The data:
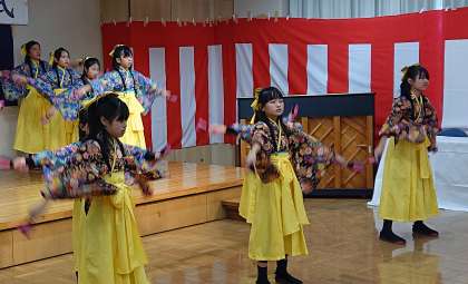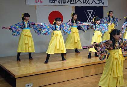 静浦風美踊のメンバーが踊りを2曲披露しました。成人の皆様から大きな拍手をいただきました。
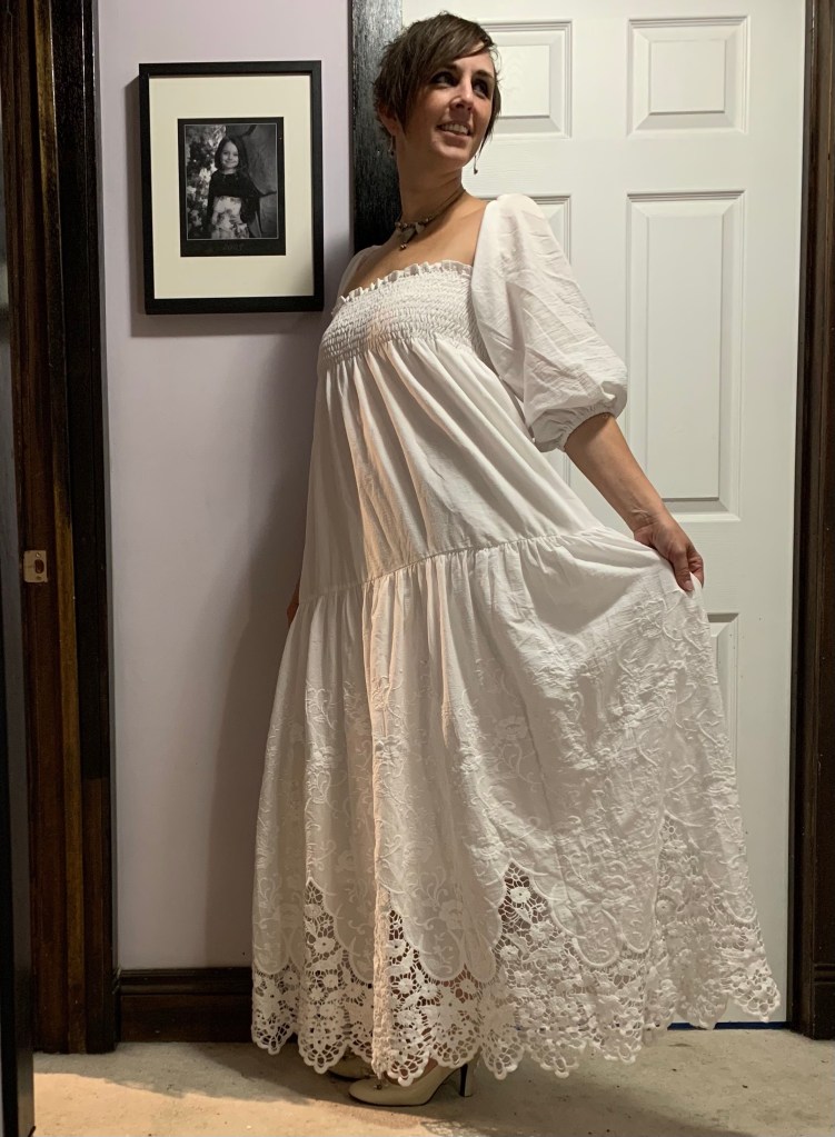 What a gorgeous sun dress! It is flowy and comfy and who cares if it breaks a so-called fashion “rule.” You are a creator, which gives you the power to break any rule you want to break – including the arbitrary no-white-after-Labour-Day rule. So go forth and break! You look fabulous!
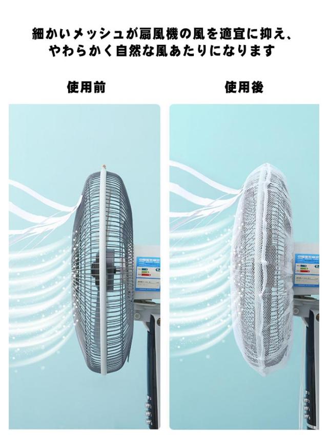 | 子供の指挟みや埃を防止する扇風機カバー2枚セット。 扇風機から放たれる風は通しつつも、指などは入れられないメッシュ状となっていますので、子供がいる家庭でも安全に使えます。 伸縮性に優れているゴム仕様で、裏側から覆いかぶせるように簡単に取り付けられます。 扇風機本体を丸ごと覆うことができる大型サイズで、保管している時に埃が羽根などについてしまうことも防ぐことができます。 汚れが気になったら水洗いすることもできるので、衛生的に使っていけるシンプルな扇風機カバーです。 直径35〜50cmの扇風機に対応して使えます。 | |

Exercise: Copy every line of the data exactly as written, excluding the pictures.

Solution for this problem:
 静浦風美踊のメンバーが踊りを2曲披露しました。成人の皆様から大きな拍手をいただきました。
 What a gorgeous sun dress! It is flowy and comfy and who cares if it breaks a so-called fashion “rule.” You are a creator, which gives you the power to break any rule you want to break – including the arbitrary no-white-after-Labour-Day rule. So go forth and break! You look fabulous!
 | 子供の指挟みや埃を防止する扇風機カバー2枚セット。 扇風機から放たれる風は通しつつも、指などは入れられないメッシュ状となっていますので、子供がいる家庭でも安全に使えます。 伸縮性に優れているゴム仕様で、裏側から覆いかぶせるように簡単に取り付けられます。 扇風機本体を丸ごと覆うことができる大型サイズで、保管している時に埃が羽根などについてしまうことも防ぐことができます。 汚れが気になったら水洗いすることもできるので、衛生的に使っていけるシンプルな扇風機カバーです。 直径35〜50cmの扇風機に対応して使えます。 | |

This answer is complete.